Oud-verpleegsters raken niet uitgepraat over Bethesda. 'We waren allemaal een beetje bang voor de hoofdzuster en de artsen'

maandag, 15 september 2025 (09:13) - Dagblad van het Noorden

In dit artikel:

De Jeltjes — een groep oud-verpleegsters die in 1963 in Hoogeveen samen de opleiding verpleegkunde begonnen — vierden zaterdag hun 50e reünie in een vakantiebungalow op vakantiepark Westerbergen in Echten. De jaarlijkse bijeenkomst, opgezet door Clasien Smit en Trudy Schultink en vernoemd naar verpleegster Jeltje de Bosch Kemper, brengt de vrouwen sinds de eerste reünie regelmatig samen; aanvankelijk woonden de bijeenkomsten bij leden thuis en ze vonden plaats door het hele land (onder meer Amsterdam, Middelburg en Leeuwarden). Van de oorspronkelijke groep van vijftien zijn er een lid overleden en nu zijn de meesten rond de 80 jaar; op zaterdag waren dertien aanwezigen (één moest wegens ziekte afzeggen).

De dag bestond uit veel bijpraten en herinneringen ophalen aan het werken in het christelijke ziekenhuis Bethesda in Hoogeveen. De vrouwen benadrukten hoe sterk de verpleegkunde is veranderd: in de jaren zestig en zeventig ontbraken veel moderne hulpmiddelen zoals computers, bedliften en hygiënemedewerkers. Verpleegkundigen sjouwden bedden zonder wieltjes, sopten de zalen zelf en werden op netheid gecontroleerd. Door die langere opnames — bijvoorbeeld weken na een hartaanval of meerdere dagen na een blindedarmoperatie — was de band met patiënten vaak intensiever en werden ontslagen soms met gebak gevierd.

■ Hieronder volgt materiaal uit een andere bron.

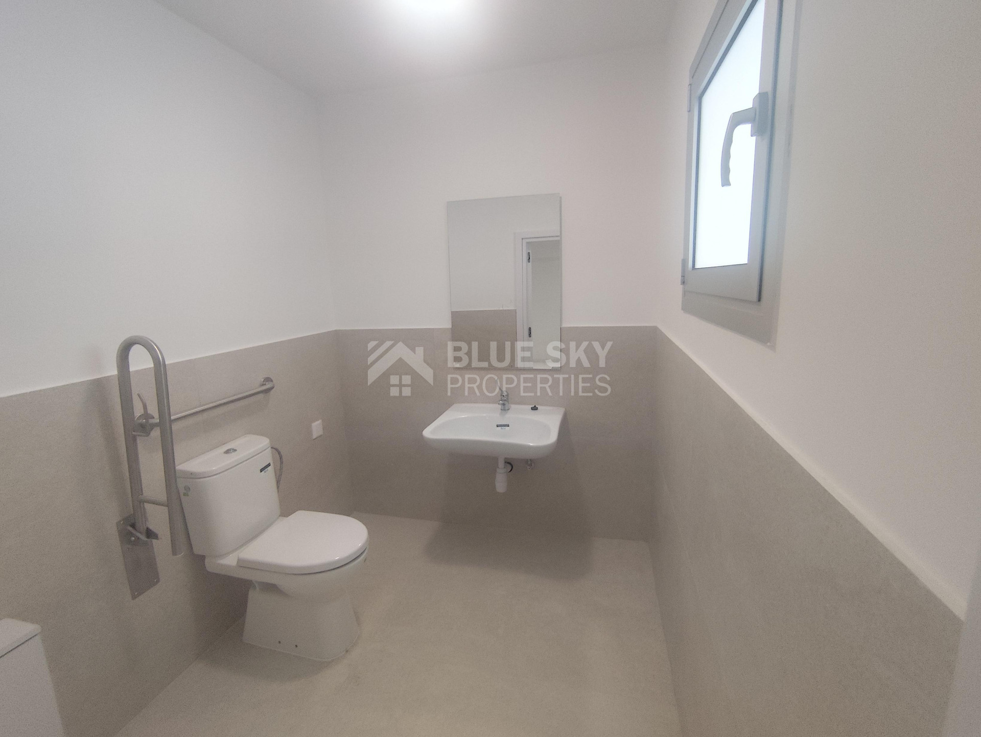 It has open plan kitchen (with kitchen island), one living area , two bedrooms , family bathroom , one guest w.c. one covered parking space, one disable parking space and a storage room.
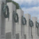 For Memorial Day or Veterans Day, here is a picture featuring one of the newest monuments in Washington DC, the World War II Memorial. This picture shows the memorial wreaths in front of a blue sky. Also featured as the widescreen wallpaper "World War II Memorial Wreaths I" from MLeWallpapers.com..

Religie en discipline speelden een grotere rol dan nu gebruikelijk: zusters droegen bij aan gebed en bijbellezen voor patiënten en moesten een verplichte domineescursus volgen, ook als dat betekende dat ze daarvoor hun slaap tijdens een nachtdienst moesten onderbreken. Hiërarchie was streng; men sprak hoofdzuster en artsen formeel aan en voelde zich soms wat ontdaan in hun aanwezigheid. Tegelijk waren er opvallend menselijke en humoristische momenten: verhalen over verkeerd uitdeelde kunstgebitten, de dominee die voor de kapper werd aangezien, en heimelijke danslessen die aanvankelijk door het ziekenhuis werden afgekeurd maar later geaccepteerd.

Trudy Schultink merkte op dat de huidige gezondheidszorg veel bureaucratischer is. Zij illustreerde het verschil met een persoonlijk voorbeeld: waar zij vroeger bij buikpijn dezelfde dag geopereerd kon worden, zou dat nu vaak anders en organisatorisch meer complex verlopen. Als context: de professionalisering van verpleegkunde, technologische vooruitgang en verschuiving naar poliklinische en kortere opnames hebben het vak sindsdien fundamenteel veranderd — iets waar de Jeltjes zowel met trots als weemoed op terugkijken.